Mar 24, 2007 05:33
As always, a lot is going on. We are in our new place, and it is nice to have our own place finally. Things are almost unpacked. Right after moving, we had a friend of Brads visit. She was down from Wisconsin and was one of the most fun guests I have ever had stay over. Just a fun person. After she left, it just seems like we have been running non stop. Still trying to get my money balanced from everything. I got Dad paid back, Paid Gramma the money i owe her, was able to buy a few things for myself, and the car of course. :-) That thing is such therapy for me. Its amazing how good a new car can make me feel. It is the car I have wanted for so long. Its got a good amount of power and is just a really nice ride. Especially after driving such pieces of shit over the last few years.

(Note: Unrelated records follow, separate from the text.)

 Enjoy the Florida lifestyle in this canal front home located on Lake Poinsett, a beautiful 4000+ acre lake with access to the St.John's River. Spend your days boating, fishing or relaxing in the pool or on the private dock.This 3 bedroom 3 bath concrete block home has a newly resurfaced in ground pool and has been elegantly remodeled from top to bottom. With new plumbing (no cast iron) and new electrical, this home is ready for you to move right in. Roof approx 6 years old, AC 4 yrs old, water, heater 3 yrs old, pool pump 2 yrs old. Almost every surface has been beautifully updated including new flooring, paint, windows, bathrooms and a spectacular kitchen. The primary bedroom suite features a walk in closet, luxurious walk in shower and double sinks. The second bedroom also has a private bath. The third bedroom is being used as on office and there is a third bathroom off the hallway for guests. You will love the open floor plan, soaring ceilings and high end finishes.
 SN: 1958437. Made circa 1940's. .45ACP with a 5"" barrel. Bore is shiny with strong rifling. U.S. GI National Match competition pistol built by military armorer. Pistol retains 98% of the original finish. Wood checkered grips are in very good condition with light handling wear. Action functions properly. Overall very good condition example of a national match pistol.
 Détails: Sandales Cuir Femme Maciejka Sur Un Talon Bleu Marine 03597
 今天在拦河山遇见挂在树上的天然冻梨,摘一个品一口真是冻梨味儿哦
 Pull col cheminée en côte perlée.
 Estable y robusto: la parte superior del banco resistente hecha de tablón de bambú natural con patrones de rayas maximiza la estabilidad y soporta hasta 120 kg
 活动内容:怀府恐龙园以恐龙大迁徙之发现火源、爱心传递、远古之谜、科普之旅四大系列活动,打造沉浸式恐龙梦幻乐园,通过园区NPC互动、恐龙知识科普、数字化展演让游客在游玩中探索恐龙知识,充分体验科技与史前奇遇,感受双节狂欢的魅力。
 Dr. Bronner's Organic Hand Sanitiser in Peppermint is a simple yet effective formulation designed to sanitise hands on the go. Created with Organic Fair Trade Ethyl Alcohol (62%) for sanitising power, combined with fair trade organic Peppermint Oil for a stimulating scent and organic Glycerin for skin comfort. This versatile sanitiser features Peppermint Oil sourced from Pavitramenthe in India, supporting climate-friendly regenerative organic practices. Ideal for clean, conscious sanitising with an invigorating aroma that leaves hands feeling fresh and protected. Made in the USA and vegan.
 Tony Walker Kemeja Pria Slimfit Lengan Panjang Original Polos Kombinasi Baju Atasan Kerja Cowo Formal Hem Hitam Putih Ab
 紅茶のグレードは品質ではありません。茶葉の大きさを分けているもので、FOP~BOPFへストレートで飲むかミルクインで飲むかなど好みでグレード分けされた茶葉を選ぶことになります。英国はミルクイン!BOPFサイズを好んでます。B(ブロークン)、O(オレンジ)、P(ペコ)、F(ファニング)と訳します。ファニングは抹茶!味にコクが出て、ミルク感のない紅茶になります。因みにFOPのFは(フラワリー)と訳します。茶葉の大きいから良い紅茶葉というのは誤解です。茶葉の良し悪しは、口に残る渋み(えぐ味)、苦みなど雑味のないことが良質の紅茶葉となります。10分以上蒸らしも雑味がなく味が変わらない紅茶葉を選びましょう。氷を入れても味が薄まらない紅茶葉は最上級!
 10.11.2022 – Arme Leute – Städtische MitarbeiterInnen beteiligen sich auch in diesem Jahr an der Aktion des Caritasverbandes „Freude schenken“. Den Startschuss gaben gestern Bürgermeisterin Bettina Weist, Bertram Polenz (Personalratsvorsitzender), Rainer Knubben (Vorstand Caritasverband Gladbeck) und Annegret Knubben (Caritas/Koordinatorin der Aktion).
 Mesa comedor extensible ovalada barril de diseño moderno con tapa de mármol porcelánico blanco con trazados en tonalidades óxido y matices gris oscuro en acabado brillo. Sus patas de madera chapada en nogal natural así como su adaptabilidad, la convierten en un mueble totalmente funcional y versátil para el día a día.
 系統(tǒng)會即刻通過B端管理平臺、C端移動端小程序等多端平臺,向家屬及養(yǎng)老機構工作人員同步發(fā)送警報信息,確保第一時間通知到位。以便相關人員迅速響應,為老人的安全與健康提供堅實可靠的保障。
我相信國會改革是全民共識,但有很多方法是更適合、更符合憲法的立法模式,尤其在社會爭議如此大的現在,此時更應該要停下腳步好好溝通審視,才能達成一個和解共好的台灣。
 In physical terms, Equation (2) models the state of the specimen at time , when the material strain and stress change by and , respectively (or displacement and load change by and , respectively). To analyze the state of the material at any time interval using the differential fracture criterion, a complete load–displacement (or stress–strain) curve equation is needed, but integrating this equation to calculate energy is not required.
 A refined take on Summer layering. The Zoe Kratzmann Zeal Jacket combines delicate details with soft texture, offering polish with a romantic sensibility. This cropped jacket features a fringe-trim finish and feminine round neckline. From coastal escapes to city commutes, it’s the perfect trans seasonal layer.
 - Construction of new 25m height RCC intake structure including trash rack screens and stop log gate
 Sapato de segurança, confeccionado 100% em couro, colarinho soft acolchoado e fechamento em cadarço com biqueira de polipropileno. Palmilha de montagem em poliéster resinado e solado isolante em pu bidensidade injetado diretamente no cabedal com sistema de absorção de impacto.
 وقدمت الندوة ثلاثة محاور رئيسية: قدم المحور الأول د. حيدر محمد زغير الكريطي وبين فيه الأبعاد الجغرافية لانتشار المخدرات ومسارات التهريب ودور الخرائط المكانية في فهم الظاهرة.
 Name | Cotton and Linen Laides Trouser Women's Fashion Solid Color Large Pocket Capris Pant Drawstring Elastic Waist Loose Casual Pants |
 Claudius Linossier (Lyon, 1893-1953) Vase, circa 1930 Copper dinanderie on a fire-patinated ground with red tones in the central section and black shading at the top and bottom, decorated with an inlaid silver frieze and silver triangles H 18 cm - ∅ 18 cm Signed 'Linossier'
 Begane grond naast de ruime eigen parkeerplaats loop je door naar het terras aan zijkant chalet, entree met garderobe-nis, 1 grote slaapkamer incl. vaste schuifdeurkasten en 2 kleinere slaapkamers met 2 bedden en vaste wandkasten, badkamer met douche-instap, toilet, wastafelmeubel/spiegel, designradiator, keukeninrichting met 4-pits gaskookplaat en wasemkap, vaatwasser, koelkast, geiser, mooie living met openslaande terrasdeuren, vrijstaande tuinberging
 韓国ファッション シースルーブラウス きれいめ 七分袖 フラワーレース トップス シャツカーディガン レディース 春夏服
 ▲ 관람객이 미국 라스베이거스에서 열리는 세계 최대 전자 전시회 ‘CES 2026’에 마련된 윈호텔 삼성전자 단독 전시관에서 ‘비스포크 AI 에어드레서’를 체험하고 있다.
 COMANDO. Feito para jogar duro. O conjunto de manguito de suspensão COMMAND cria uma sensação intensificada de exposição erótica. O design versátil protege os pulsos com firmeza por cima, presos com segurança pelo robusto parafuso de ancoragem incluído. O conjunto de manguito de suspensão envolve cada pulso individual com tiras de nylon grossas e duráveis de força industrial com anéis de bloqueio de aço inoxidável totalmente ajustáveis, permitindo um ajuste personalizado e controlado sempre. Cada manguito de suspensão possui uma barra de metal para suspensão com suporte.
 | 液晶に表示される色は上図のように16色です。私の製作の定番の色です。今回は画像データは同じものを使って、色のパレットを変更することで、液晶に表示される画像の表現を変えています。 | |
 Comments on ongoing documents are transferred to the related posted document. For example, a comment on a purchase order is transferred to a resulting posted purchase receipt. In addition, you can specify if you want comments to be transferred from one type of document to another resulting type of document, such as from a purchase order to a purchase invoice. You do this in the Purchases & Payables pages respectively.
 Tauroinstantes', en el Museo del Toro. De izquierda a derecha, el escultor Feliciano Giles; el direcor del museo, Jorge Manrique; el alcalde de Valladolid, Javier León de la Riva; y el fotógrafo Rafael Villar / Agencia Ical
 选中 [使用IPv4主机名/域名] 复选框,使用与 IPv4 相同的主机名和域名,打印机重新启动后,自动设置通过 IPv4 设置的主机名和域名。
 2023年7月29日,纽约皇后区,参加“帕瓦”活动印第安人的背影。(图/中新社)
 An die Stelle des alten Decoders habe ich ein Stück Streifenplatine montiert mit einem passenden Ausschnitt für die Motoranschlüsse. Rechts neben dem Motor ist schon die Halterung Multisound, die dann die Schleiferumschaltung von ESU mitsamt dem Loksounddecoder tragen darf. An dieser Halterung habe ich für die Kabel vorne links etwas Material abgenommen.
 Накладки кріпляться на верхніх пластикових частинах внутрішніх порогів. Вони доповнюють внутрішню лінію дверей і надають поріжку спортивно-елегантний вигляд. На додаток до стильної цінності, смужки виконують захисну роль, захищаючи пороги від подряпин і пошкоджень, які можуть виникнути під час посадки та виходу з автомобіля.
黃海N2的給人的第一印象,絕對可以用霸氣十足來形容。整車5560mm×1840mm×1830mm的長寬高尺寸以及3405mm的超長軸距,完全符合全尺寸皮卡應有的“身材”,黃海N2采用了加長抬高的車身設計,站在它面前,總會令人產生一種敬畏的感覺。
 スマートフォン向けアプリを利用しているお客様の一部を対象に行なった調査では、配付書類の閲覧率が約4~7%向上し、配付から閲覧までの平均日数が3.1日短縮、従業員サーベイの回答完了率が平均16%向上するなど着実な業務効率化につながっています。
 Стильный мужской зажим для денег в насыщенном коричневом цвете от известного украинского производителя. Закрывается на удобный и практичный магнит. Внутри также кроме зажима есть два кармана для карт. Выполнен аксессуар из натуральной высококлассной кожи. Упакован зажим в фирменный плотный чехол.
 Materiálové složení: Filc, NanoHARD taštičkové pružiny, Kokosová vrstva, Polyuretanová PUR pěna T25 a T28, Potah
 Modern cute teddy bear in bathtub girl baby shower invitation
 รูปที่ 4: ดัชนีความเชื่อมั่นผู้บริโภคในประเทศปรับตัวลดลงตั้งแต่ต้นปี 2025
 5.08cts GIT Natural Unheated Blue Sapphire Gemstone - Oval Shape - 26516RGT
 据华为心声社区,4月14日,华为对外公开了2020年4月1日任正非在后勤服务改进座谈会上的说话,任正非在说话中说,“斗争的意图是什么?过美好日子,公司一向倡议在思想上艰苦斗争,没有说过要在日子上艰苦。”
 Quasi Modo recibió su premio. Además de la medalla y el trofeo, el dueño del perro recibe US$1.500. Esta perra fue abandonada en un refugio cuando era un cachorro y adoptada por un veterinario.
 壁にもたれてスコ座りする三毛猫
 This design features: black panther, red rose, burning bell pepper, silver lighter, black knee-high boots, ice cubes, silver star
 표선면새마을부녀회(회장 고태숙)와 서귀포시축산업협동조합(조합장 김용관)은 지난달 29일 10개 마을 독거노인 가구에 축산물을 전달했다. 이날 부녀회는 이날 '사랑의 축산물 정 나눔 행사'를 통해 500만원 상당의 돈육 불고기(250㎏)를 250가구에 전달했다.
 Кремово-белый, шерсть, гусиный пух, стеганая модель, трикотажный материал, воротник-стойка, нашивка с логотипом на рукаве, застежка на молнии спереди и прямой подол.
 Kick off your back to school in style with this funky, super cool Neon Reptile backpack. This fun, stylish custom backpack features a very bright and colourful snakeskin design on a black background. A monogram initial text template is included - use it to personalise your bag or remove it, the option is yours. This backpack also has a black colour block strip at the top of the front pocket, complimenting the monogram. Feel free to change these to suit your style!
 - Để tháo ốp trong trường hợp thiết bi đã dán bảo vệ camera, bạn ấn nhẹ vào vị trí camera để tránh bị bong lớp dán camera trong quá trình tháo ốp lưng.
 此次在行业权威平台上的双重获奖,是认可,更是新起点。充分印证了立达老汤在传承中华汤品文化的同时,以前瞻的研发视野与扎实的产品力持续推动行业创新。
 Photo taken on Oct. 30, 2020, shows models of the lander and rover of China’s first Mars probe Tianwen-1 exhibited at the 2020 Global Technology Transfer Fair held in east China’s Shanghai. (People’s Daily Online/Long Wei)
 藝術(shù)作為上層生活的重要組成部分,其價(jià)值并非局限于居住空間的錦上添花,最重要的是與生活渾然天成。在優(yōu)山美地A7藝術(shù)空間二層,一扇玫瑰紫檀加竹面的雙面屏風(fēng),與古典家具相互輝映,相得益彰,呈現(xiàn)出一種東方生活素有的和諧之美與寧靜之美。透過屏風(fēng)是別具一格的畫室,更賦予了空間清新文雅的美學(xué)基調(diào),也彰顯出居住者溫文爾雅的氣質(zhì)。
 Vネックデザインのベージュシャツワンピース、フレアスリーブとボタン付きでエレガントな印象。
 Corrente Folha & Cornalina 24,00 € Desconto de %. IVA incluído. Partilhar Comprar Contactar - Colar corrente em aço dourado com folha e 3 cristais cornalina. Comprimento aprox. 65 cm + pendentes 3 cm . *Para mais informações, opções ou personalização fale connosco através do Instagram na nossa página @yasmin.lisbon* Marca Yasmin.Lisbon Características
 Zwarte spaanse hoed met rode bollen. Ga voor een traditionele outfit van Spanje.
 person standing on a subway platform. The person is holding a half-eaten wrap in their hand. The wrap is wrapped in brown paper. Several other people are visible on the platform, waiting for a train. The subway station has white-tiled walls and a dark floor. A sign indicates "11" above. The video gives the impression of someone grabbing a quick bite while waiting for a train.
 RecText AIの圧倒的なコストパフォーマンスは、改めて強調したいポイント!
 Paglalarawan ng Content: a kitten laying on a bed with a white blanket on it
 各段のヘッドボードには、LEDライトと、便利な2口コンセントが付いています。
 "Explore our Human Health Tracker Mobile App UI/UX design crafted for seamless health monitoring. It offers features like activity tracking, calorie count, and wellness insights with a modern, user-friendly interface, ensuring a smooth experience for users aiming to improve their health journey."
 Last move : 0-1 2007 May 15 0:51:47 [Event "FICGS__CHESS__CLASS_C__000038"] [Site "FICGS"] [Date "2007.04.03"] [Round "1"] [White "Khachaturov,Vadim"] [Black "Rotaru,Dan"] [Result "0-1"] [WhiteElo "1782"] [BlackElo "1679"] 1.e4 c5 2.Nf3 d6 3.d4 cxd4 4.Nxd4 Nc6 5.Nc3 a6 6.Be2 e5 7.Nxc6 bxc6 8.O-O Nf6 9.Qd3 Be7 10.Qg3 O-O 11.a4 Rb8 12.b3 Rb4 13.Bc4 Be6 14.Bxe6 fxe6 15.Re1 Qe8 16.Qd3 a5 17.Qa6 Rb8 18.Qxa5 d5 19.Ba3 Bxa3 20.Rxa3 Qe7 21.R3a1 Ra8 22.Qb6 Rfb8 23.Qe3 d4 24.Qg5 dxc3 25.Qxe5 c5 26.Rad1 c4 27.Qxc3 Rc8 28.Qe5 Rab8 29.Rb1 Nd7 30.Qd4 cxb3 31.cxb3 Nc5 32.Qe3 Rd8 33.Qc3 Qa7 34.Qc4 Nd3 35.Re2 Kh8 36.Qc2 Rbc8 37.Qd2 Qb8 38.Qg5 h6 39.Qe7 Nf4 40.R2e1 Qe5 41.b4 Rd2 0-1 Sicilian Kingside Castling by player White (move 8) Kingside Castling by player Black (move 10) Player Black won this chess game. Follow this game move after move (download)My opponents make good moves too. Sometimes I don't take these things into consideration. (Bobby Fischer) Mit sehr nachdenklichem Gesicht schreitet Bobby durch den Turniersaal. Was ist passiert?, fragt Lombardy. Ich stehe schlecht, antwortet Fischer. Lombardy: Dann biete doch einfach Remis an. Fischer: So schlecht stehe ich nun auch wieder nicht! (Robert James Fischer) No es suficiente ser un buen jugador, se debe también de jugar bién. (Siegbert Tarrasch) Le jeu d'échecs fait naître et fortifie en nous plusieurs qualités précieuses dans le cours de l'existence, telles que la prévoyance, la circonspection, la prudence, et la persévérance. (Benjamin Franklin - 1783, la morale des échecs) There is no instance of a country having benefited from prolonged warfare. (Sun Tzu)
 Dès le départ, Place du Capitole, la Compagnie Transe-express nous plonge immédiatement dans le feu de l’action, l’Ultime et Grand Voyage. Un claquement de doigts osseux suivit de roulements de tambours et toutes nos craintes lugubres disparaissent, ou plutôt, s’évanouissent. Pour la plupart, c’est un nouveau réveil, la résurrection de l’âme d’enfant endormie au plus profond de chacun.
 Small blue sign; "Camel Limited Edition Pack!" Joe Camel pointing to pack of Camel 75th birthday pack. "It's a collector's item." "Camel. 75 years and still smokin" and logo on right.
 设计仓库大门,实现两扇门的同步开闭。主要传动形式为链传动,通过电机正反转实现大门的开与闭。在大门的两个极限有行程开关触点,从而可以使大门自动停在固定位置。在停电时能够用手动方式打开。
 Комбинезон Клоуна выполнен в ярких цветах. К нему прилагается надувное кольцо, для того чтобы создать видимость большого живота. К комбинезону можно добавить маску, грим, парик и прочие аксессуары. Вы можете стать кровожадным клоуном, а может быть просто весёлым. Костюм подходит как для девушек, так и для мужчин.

Yesterday, we went for a drive up to Montrose to meet a client for a policy I was writing for her. I would have to say, she is one of my favorite clients. Her husband just recently passed away. He was a super guy. He was 90 years old. You would never have guessed. Maybe put him at 60. I bet he was 45 in his head, if that. He lived a very full life. From what she was saying about him, he was a very active man. He never acted like he was old. She had some things to say about that that got my mind working.. yet again. She said, instead of sitting and completely retiring and sitting around when you get to that age, just keep going. Keep doing what you love, and keep pushing forward, and it seems to extend your life. This just makes me think about everything that I am building up for myself. As content as I am with the way that things are turning out, is it what I want. Is it what makes me happy, or is it just what I need to do. i have felt this quite a bit lately. Am I doing what truly makes me happy, or just what gets me by. I dont think I know what true happiness is. I cant step away from my life for long enough to decide if it is what I want. We are all so tied up in life's duties. Getting up, going to work, coming home to make dinner, resting a little, then going to bed. Its life's redundant circle. You work, so you can have a place to live, so you can get back to work. Its just one endless, pointless cycle. How irritating. I dont want to live my life doing what is necessary. I want to live my life doing what I enjoy.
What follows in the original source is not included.